Украдкой поглядываю на Люшу, слушаю её телефонные разговоры и невольно сравниваю с Надеждой, моей покойной супругой. Плохо, если и её душа витает где-то рядом; хватило для неё мук, натерпелась она со мной, настрадалась с моими книгами. Бывало, нянчит, нянчит рукопись; дважды или трижды её перепечатает, вычитает ошибки, всю оближет и радуется, как ребёнок, увидев её напечатанной. И месяц-другой выслушивает комплименты, похвалы друзей и читателей — частью неискренние, сказанные из желания польстить, но по большей части всё-таки сердечные и дружелюбные.
Приятны они бывают и мне, как автору, но по всему я вижу, что особенную радость доставляют жене, верной подруге жизни. Но вот однажды разворачиваем газету, «Литературную» или «Комсомольскую правду» — они особенно злые и всегда держали меня на мушке, — читаем статью, а в ней брань: и события показаны ложно, и люди изображены не так, а уж что до женщин — тут какие-то бледные тени, а не женщины. Словом, всё не так и книгу напечатали зря.
И — Боже мой!
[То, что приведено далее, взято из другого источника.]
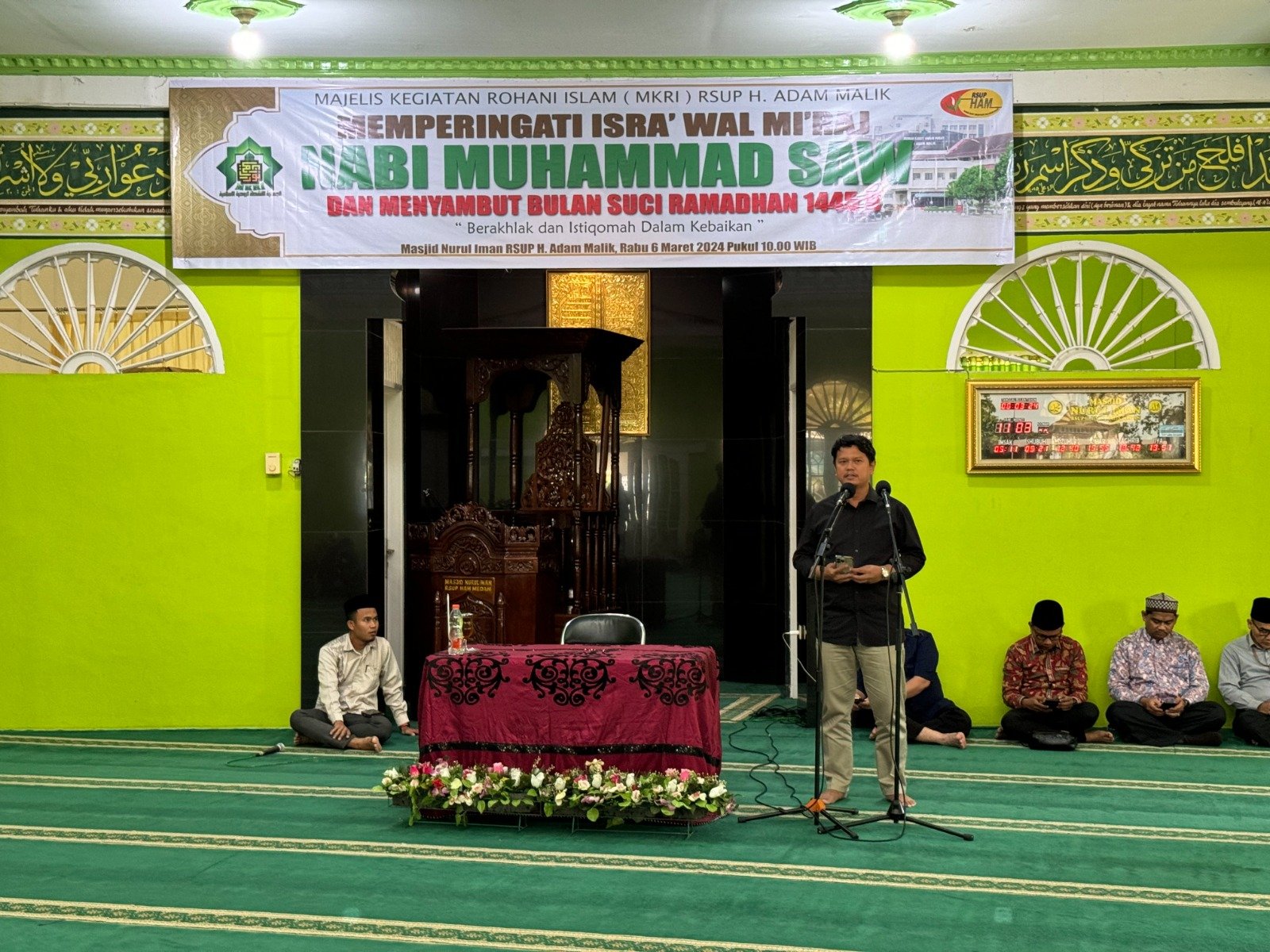 MEDAN (HARIANSTAR.COM) – Rumah Sakit Umum Pusat Haji Adam Malik (RS Adam Malik) menggelar acara peringatan Isra’ Mi’raj Nabi Muhammad SAW di Masjid Nurul Iman RS Adam Malik, Rabu (6/3/2024).

Какие страдания я читал на лице своей супруги! И если в сорокалетнем возрасте у неё уже стала развиваться гипертония, то виной тому, несомненно, были мои писания. И с жизнью она рассталась рано всё по той же причине.
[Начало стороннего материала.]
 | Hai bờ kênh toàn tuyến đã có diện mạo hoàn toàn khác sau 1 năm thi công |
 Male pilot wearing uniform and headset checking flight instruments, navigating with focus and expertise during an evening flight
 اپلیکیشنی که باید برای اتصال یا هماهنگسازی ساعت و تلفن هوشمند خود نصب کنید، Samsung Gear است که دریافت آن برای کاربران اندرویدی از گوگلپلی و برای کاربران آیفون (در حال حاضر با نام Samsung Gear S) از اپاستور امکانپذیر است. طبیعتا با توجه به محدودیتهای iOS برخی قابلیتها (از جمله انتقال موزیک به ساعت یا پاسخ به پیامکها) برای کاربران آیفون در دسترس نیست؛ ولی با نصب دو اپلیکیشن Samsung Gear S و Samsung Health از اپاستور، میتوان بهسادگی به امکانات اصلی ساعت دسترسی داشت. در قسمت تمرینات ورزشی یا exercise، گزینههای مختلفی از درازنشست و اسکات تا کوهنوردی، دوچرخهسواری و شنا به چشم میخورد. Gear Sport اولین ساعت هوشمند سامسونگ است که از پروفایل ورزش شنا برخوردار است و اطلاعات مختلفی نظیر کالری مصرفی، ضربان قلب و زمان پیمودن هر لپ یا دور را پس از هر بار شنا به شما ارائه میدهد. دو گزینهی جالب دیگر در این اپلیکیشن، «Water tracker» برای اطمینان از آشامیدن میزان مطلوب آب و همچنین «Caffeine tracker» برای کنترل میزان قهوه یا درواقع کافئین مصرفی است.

Я теперь смотрел на новую подругу и думал: ей-то зачем мои муки? Она-то ведь ещё больше страдает, чем я?..
Думал я об этом и в то же время видел: не хочет она смиряться. Ездит куда-то, звонит знакомым и незнакомым людям — и всё о «Насте».
Однажды сказала:
— Они там щедро раздают её бесплатно, а я не желаю. Я все деньги отдала за её издание. И хотела бы продавать «Настю». Надо же будет и другие рукописи издавать.
Был у нас автомобиль. Я не хотел ездить на нём по городу, а дачи у нас нет, — она есть, но под Москвой. Словом, машина не нужна, и она продала её. В освободившийся гараж завезла большую часть тиража «Насти». Много пачек оставила и в издательстве. Пусть директор дарит её писателям, поэтам, а если сможет — и продаёт.
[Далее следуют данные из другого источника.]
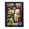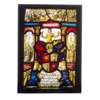 The second panel is a so-called Willkommscheibe, or welcome panel, which were usually commissioned by the family themselves to celebrate the safe return of the husband from war. The central image of these panels is always the husband shown with a weapon, in this case a musket, and the wife handing him a welcome drink in a goblet. The scenes above are unique to each panel, in this case showing a group of men around a table welcoming back their friend after his service in the war, and the wife serving them a jug, followed by a fool in his typical regalia. The bottom part of this glass panel seems to have been cut off, but it still shows the heraldry of the family, their names and what may have been the sign of the guild of stone masons.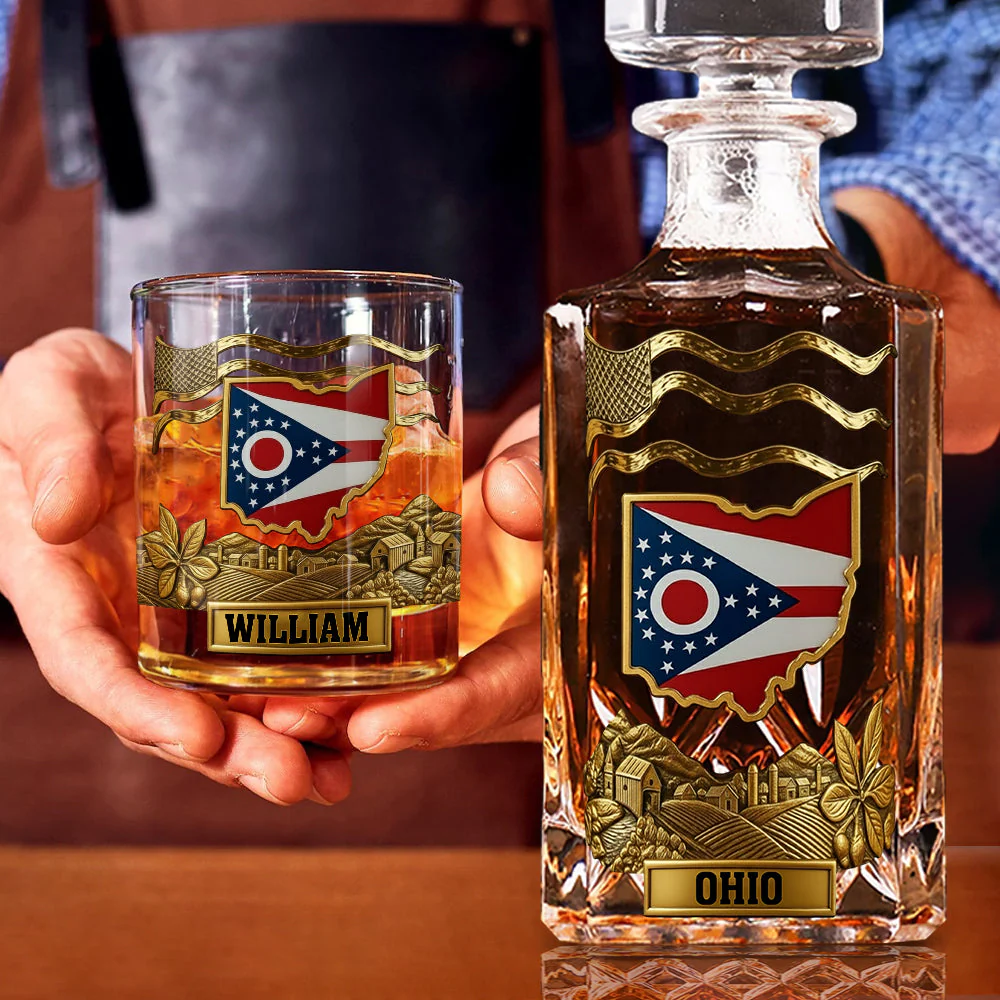 Strong Ohio States of America Whiskey Decanter Set, Patriot Gift, Luxury Whiskey Glass, Whiskey Decanter Set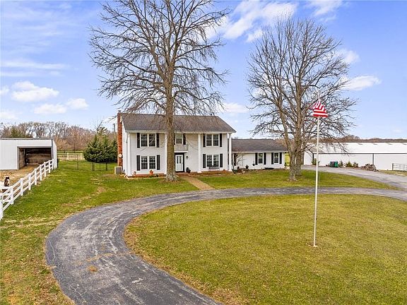 This picturesque 10-acre horse property features a long, tree-lined drive leading to a beautifully maintained two-story home. Inside, the home offers a warm and inviting atmosphere with remodeled bathrooms, a main-floor office with private entrance, mud room, eat-in kitchen with large walk-in pantry, Bosch gas range, granite counters, planning desk, plus a formal dining room, a wood-burning fireplace in the family room, cozy living room with French doors plus a great work-out area in the basement and tons of storage! The covered deck overlooks the fenced backyard and pasture, creating a peaceful outdoor space. Brand new furnace, new windows, new flooring, neutral colors, spotless!Designed for horse enthusiasts, the property boasts a 140' x 60' indoor arena, outdoor arena, and a well-equipped 7-stall barn with a workshop, wash rack, tack room, hay storage, Nelson automatic waterers. four pastures and six paddocks provide ample turnout with safe fencing. An additional 40' x 12' lean-to provides two more stalls with runs and space for 100 square bales. This exceptional property is ideal for horse owners, trainers, or anyone seeking a peaceful country setting with modern conveniences nearby. Additional 10 acres to the north is available. The home on 20 acres is listed for $1,050,000 (See MLS #2537132). Located less than one mile from the Ray-Pec high school and middle school. Easy access to 49 Hwy. Only 35 minutes to downtown KC. 2025-05-02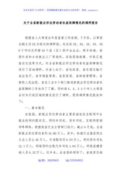 / 关于全省新就业形态劳动者权益保障情况的调研报告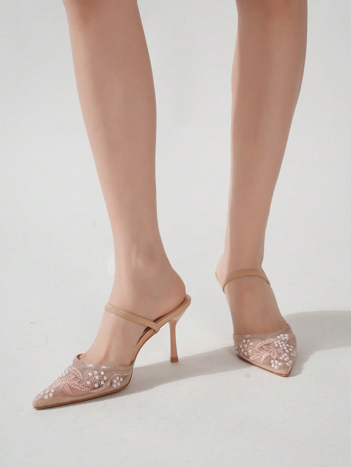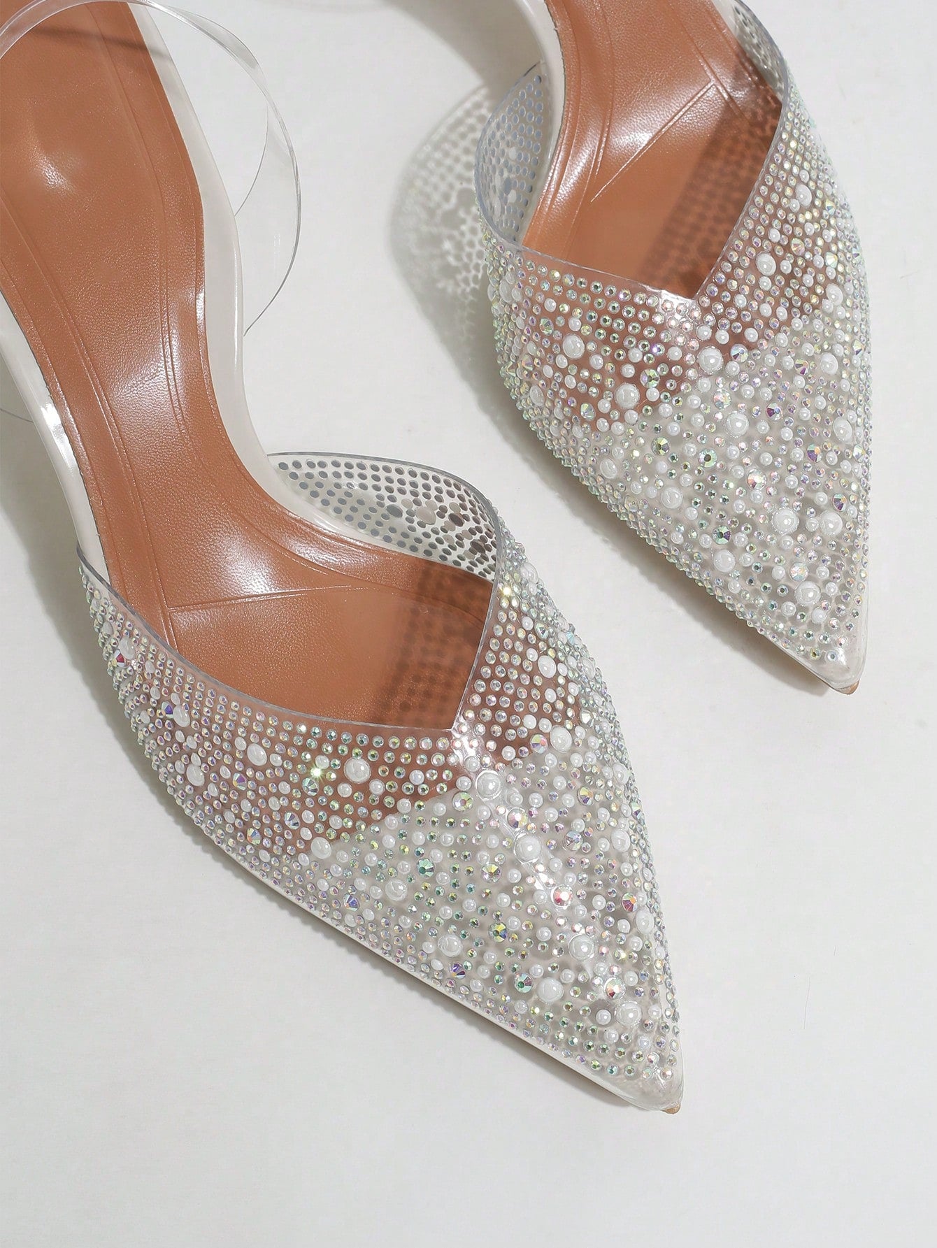 Women's Rhinestone Decorated Pointed Toe High Heels

Не знаю, как другие авторы, но я всегда тяжело переживал трудную судьбу своей рукописи. До переезда в Ленинград, а если сказать другими словами — при советской власти, мне удалось издать три романа и пять или шесть повестей, — это кроме рассказов, которые печатались в газетах и журналах. Повести оставались незамеченными, а романы все подверглись остракизму.
Скажу откровенно, за какие такие «доблести» меня замечали большие газеты. Слово «доблести» я хотя и заключаю в кавычки, но книга, которую громила «большая дубинка», то есть столичные газеты, должна была обязательно содержать в себе какой-то горючий, взрывоопасный материал, — только в этом случае она могла обеспокоить китов отечественной журналистики в наше советское время, когда я и формировался как писатель. И поскольку в русском обществе ещё с царских времён стойко бытовало мнение: трясут только ту яблоню, на которой есть плоды, то критика отрицательная больше привлекала читателя, чем похвала.
В литературной среде из уст в уста передавался рассказ о поэте, который никак не мог завоевать симпатии читателя, и в издательствах его стихи печатали с неохотой, а если и напечатают, то тоненькой книжечкой и мизерным тиражом. Но однажды, в пору «охоты за ведьмами», когда всякий критический наскок газеты мог повлечь за собой и арест, главнейшая газета страны напечатала об этом поэте большую статью «Враг среди нас».
Вася — так звали поэта — прочитал эту статью, побросал в сумку бельишко, продукты и, ничего не сказав жене, поехал на вокзал. Уехал он далеко в Сибирь, устроился помощником к леснику и тихонько, как мышь, прожил в лесу лет пять. А потом вернулся в Москву и вечером пошёл в Дом литераторов. И как только он вошел в него, к нему кинулись бывшие друзья, собутыльники:
— Вася! Где ты пропадал?.. Тут все ищут твои книги, заучивают наизусть стихи, а ты — пропал.
— Да почему ищут?.. Почему заучивают? Раньше-то, вроде, и не интересовались.
— Раньше? Когда это было — раньше? А как вышла о тебе статья, так и начали искать книги.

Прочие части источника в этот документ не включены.